• [YOUR INSTRUCTIONS] Return all of the material exactly; no line may be dropped.

Start of GIVEN INFORMATION

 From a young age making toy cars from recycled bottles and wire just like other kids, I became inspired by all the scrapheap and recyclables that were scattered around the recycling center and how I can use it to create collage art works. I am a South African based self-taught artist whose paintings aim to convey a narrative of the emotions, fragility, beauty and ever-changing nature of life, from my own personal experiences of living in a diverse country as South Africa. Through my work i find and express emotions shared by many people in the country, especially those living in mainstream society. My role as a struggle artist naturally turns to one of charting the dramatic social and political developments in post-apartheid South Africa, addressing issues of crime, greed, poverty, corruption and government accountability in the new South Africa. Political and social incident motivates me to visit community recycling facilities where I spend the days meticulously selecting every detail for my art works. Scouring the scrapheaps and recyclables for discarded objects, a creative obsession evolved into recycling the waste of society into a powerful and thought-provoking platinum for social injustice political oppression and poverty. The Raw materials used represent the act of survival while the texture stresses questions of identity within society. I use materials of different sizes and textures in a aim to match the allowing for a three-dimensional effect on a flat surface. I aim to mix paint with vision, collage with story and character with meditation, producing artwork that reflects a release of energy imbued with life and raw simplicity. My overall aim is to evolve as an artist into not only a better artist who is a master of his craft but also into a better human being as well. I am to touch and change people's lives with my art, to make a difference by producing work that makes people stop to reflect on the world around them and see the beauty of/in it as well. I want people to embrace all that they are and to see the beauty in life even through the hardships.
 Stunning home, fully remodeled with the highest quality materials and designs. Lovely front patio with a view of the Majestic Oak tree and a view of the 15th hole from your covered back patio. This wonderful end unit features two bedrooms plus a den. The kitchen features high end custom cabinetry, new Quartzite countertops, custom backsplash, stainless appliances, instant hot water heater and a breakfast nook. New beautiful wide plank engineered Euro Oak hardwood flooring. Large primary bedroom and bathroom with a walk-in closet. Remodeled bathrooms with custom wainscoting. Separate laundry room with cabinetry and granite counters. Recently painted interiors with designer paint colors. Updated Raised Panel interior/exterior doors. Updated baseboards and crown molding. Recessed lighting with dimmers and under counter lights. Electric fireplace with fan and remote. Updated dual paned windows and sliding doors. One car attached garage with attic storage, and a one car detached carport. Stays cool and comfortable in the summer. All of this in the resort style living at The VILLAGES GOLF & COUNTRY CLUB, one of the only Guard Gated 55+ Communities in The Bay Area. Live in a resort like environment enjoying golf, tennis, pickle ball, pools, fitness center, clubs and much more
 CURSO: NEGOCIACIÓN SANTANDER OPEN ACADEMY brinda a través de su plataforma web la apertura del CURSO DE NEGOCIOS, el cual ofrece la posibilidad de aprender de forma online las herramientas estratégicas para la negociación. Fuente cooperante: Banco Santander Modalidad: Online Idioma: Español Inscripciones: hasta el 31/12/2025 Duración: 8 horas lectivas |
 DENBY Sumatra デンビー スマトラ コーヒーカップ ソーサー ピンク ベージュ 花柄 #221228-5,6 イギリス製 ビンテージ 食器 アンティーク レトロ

End of GIVEN INFORMATION

• [YOUR SOLUTION]
 From a young age making toy cars from recycled bottles and wire just like other kids, I became inspired by all the scrapheap and recyclables that were scattered around the recycling center and how I can use it to create collage art works. I am a South African based self-taught artist whose paintings aim to convey a narrative of the emotions, fragility, beauty and ever-changing nature of life, from my own personal experiences of living in a diverse country as South Africa. Through my work i find and express emotions shared by many people in the country, especially those living in mainstream society. My role as a struggle artist naturally turns to one of charting the dramatic social and political developments in post-apartheid South Africa, addressing issues of crime, greed, poverty, corruption and government accountability in the new South Africa. Political and social incident motivates me to visit community recycling facilities where I spend the days meticulously selecting every detail for my art works. Scouring the scrapheaps and recyclables for discarded objects, a creative obsession evolved into recycling the waste of society into a powerful and thought-provoking platinum for social injustice political oppression and poverty. The Raw materials used represent the act of survival while the texture stresses questions of identity within society. I use materials of different sizes and textures in a aim to match the allowing for a three-dimensional effect on a flat surface. I aim to mix paint with vision, collage with story and character with meditation, producing artwork that reflects a release of energy imbued with life and raw simplicity. My overall aim is to evolve as an artist into not only a better artist who is a master of his craft but also into a better human being as well. I am to touch and change people's lives with my art, to make a difference by producing work that makes people stop to reflect on the world around them and see the beauty of/in it as well. I want people to embrace all that they are and to see the beauty in life even through the hardships.
 Stunning home, fully remodeled with the highest quality materials and designs. Lovely front patio with a view of the Majestic Oak tree and a view of the 15th hole from your covered back patio. This wonderful end unit features two bedrooms plus a den. The kitchen features high end custom cabinetry, new Quartzite countertops, custom backsplash, stainless appliances, instant hot water heater and a breakfast nook. New beautiful wide plank engineered Euro Oak hardwood flooring. Large primary bedroom and bathroom with a walk-in closet. Remodeled bathrooms with custom wainscoting. Separate laundry room with cabinetry and granite counters. Recently painted interiors with designer paint colors. Updated Raised Panel interior/exterior doors. Updated baseboards and crown molding. Recessed lighting with dimmers and under counter lights. Electric fireplace with fan and remote. Updated dual paned windows and sliding doors. One car attached garage with attic storage, and a one car detached carport. Stays cool and comfortable in the summer. All of this in the resort style living at The VILLAGES GOLF & COUNTRY CLUB, one of the only Guard Gated 55+ Communities in The Bay Area. Live in a resort like environment enjoying golf, tennis, pickle ball, pools, fitness center, clubs and much more
 CURSO: NEGOCIACIÓN SANTANDER OPEN ACADEMY brinda a través de su plataforma web la apertura del CURSO DE NEGOCIOS, el cual ofrece la posibilidad de aprender de forma online las herramientas estratégicas para la negociación. Fuente cooperante: Banco Santander Modalidad: Online Idioma: Español Inscripciones: hasta el 31/12/2025 Duración: 8 horas lectivas |
 DENBY Sumatra デンビー スマトラ コーヒーカップ ソーサー ピンク ベージュ 花柄 #221228-5,6 イギリス製 ビンテージ 食器 アンティーク レトロ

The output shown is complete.